Given records:
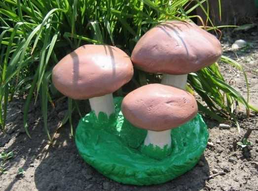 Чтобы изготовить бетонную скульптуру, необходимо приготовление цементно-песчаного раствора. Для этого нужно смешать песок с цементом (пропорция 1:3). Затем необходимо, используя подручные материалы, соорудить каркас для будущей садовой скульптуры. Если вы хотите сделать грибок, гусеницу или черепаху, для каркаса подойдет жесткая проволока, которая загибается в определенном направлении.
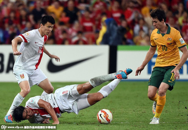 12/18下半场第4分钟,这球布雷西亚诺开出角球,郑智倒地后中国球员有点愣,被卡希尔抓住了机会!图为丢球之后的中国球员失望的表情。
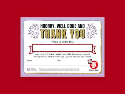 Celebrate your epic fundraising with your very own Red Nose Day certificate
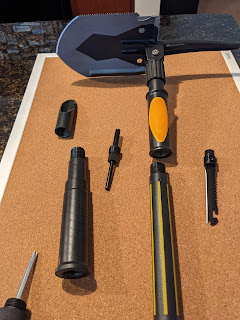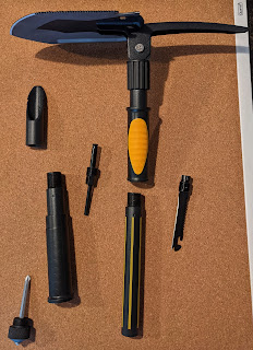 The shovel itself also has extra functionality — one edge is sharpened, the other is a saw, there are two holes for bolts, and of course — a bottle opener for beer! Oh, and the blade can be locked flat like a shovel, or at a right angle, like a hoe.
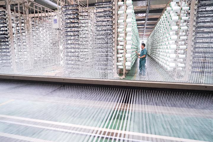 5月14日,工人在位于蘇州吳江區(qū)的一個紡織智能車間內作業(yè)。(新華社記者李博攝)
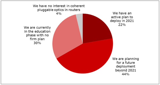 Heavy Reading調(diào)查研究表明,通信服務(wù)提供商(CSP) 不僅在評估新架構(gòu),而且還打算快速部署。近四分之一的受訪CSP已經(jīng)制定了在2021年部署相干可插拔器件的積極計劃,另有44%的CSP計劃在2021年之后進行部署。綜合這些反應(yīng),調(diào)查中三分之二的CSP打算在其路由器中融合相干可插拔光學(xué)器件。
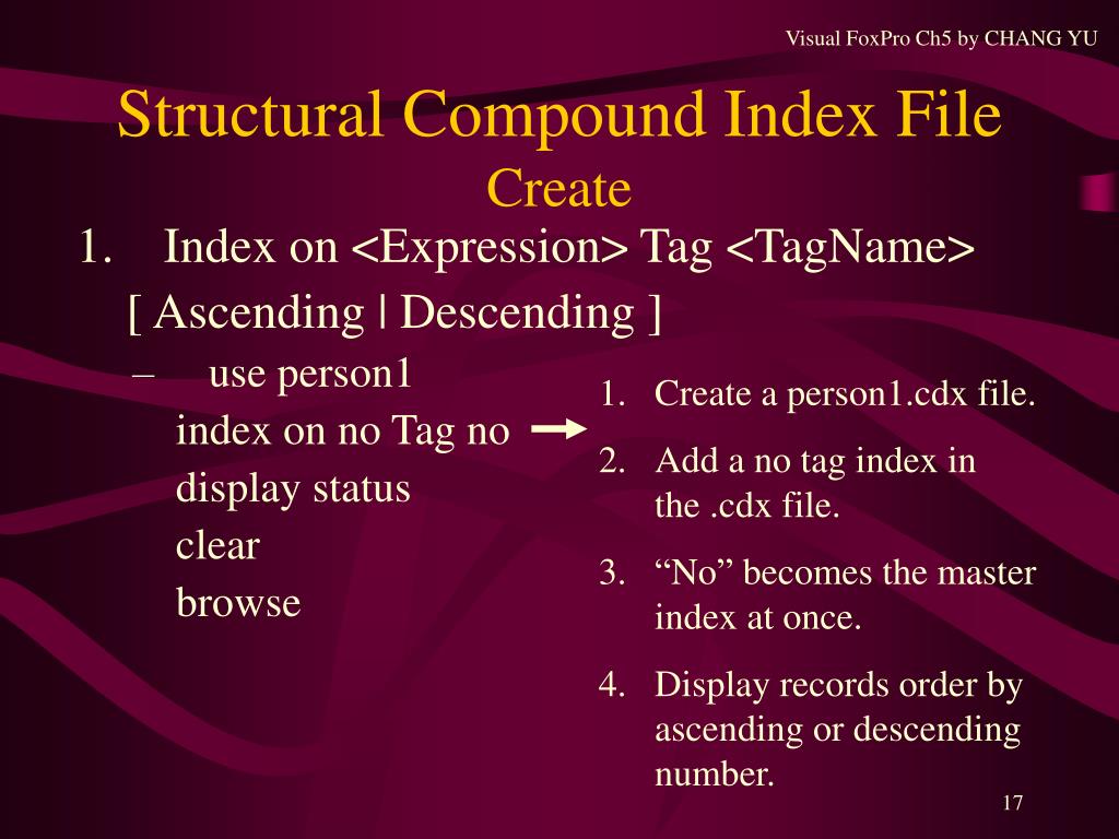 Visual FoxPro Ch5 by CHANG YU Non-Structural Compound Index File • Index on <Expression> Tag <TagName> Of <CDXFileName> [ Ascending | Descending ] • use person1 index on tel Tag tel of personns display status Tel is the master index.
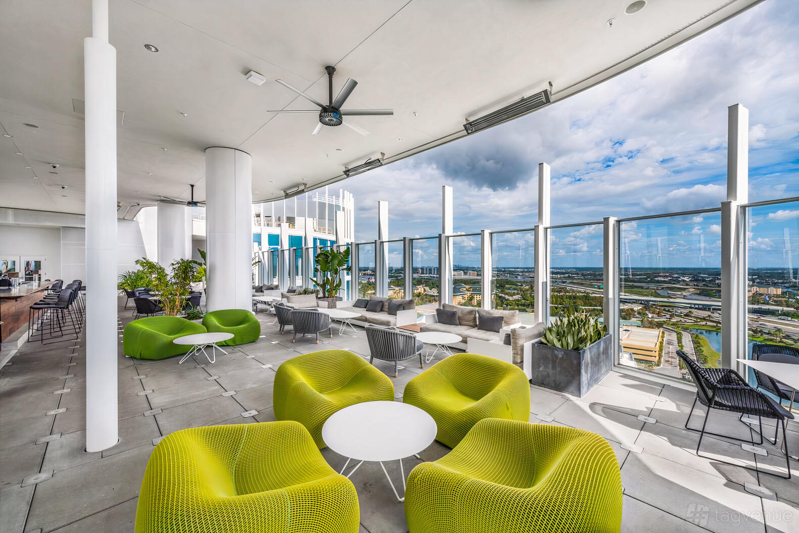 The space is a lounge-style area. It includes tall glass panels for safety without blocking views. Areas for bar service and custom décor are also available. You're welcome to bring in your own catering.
---
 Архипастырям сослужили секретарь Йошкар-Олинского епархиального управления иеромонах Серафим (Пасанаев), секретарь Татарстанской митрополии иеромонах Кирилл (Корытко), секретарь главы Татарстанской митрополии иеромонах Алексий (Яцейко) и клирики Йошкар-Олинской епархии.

Your assignment: Write out word for word the lines above that run from the one with "Celebrate your epic" to the one with "5月14日,工人在位于蘇州吳". Include both end lines; exclude the images.

Task output:
 Celebrate your epic fundraising with your very own Red Nose Day certificate
 The shovel itself also has extra functionality — one edge is sharpened, the other is a saw, there are two holes for bolts, and of course — a bottle opener for beer! Oh, and the blade can be locked flat like a shovel, or at a right angle, like a hoe.
 5月14日,工人在位于蘇州吳江區(qū)的一個紡織智能車間內作業(yè)。(新華社記者李博攝)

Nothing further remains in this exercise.